Exercise instructions
Transcribe the entries below with complete accuracy, excluding the pictures.

[[ Material supplied, beginning ]]

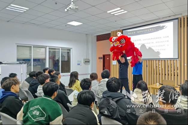 荆楚网(湖北日报网)讯(记者齐一璇 通讯员魏小双)近日,武汉交通职业学院航运学院举办“舞动非遗 传承文脉”龙狮千年非遗文化进校园活动。活动邀请国际级龙狮裁判员、全国群众体育先进个人梅博威教授,携手第十五届全运会舞龙冠军团队,以“理论溯源+实践舞动”的创新形式,打造了一场“沉浸式”非遗盛宴,让千年龙狮文化与航运精神碰撞出别样火花。
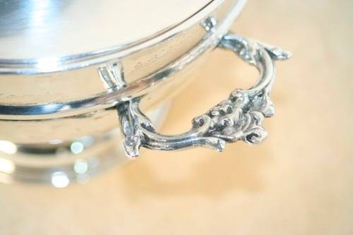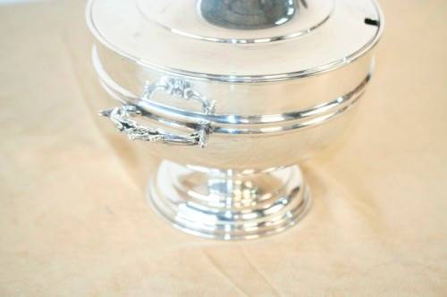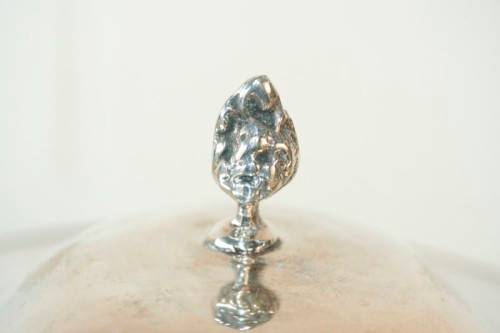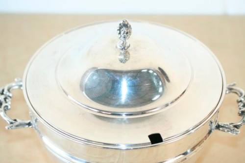 This exquisite vintage "EMESS" silver plated tureen with a slotted lid and beautiful ornate handles is in great condition for its age and measures 30cm long (handle to handle) x 21cm wide x 22cm high (including the lid). The tureen would look amazing on a dinner table with a hot home made soup or broth or even in summer with a chilled soup. The awesome stemmed design makes it a classic piece that would look amazing on a more formal dinner table or buffet. Please view the pics carefully to fully appreciate this stunning silver plated lidded tureen and to confirm the condition.
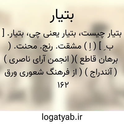 بتیار. [ ب ِ ] ( اِ ) مشقت. رنج. محنت. ( برهان قاطع )( انجمن آرای ناصری ) ( آنندراج ) ( از فرهنگ شعوری ورق 162 ). درد. پتیاره. ( فرهنگ فارسی معین ):
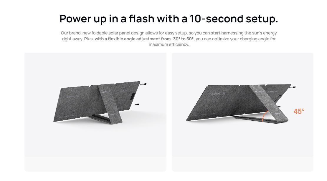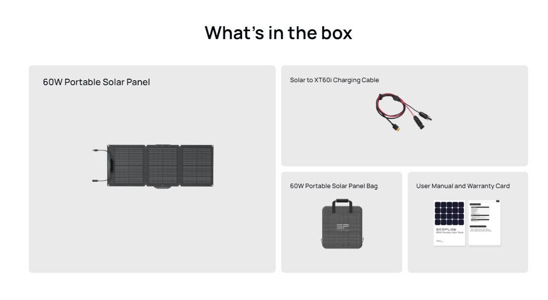 - 60W Portable Solar Panel is compatible with the Ecoflow app when connected to an EcoFlow power station. Monitor your solar charging status with smart, easy, and customized app control in real-time
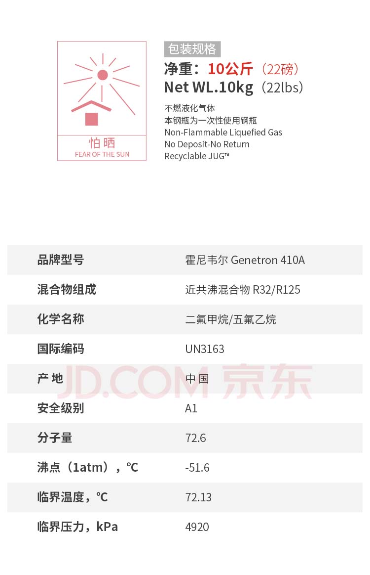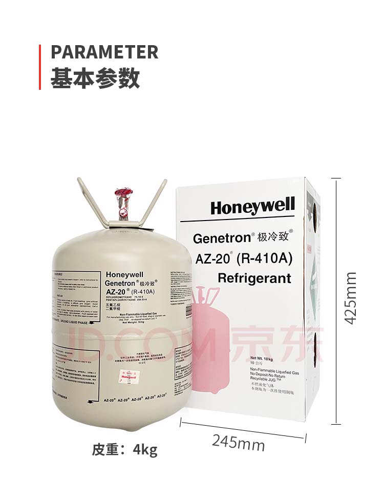 霍尼韦尔(Honeywell)R410A制冷剂氟利昂环保雪种冷媒净重10kg1瓶
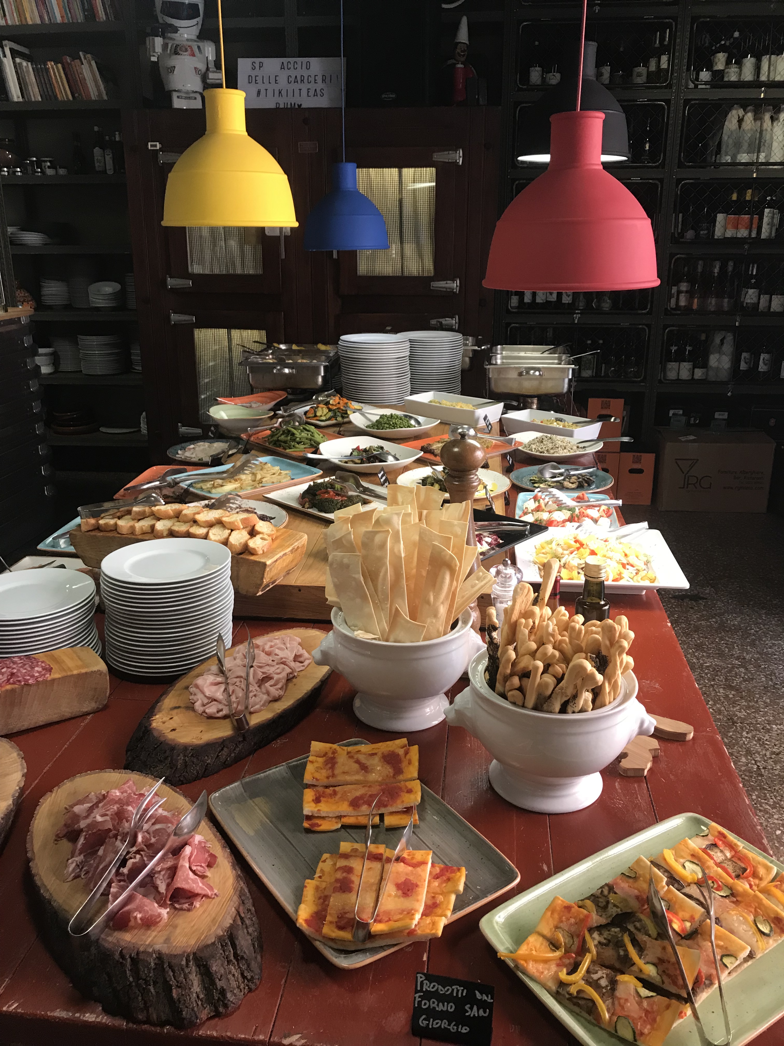 Pendant le séjour j’ai pu goûter à la véritable la cuisine italienne et je vais y avoir le droit toute l’année ! Voilà le type de restaurant où l’on peut déjeuner à Modène, pour 12€ vous avez un buffet à volonté qui se compose de bon produits frais italiens, antipasti, pasta, prosciutto… Celui-ci se trouve juste en face de mon université, c’est le Spaccio delle carceri, via Bonacorsa.

[[ Material supplied, end ]]

Completed exercise
 荆楚网(湖北日报网)讯(记者齐一璇 通讯员魏小双)近日,武汉交通职业学院航运学院举办“舞动非遗 传承文脉”龙狮千年非遗文化进校园活动。活动邀请国际级龙狮裁判员、全国群众体育先进个人梅博威教授,携手第十五届全运会舞龙冠军团队,以“理论溯源+实践舞动”的创新形式,打造了一场“沉浸式”非遗盛宴,让千年龙狮文化与航运精神碰撞出别样火花。
 This exquisite vintage "EMESS" silver plated tureen with a slotted lid and beautiful ornate handles is in great condition for its age and measures 30cm long (handle to handle) x 21cm wide x 22cm high (including the lid). The tureen would look amazing on a dinner table with a hot home made soup or broth or even in summer with a chilled soup. The awesome stemmed design makes it a classic piece that would look amazing on a more formal dinner table or buffet. Please view the pics carefully to fully appreciate this stunning silver plated lidded tureen and to confirm the condition.
 بتیار. [ ب ِ ] ( اِ ) مشقت. رنج. محنت. ( برهان قاطع )( انجمن آرای ناصری ) ( آنندراج ) ( از فرهنگ شعوری ورق 162 ). درد. پتیاره. ( فرهنگ فارسی معین ):
 - 60W Portable Solar Panel is compatible with the Ecoflow app when connected to an EcoFlow power station. Monitor your solar charging status with smart, easy, and customized app control in real-time
 霍尼韦尔(Honeywell)R410A制冷剂氟利昂环保雪种冷媒净重10kg1瓶
 Pendant le séjour j’ai pu goûter à la véritable la cuisine italienne et je vais y avoir le droit toute l’année ! Voilà le type de restaurant où l’on peut déjeuner à Modène, pour 12€ vous avez un buffet à volonté qui se compose de bon produits frais italiens, antipasti, pasta, prosciutto… Celui-ci se trouve juste en face de mon université, c’est le Spaccio delle carceri, via Bonacorsa.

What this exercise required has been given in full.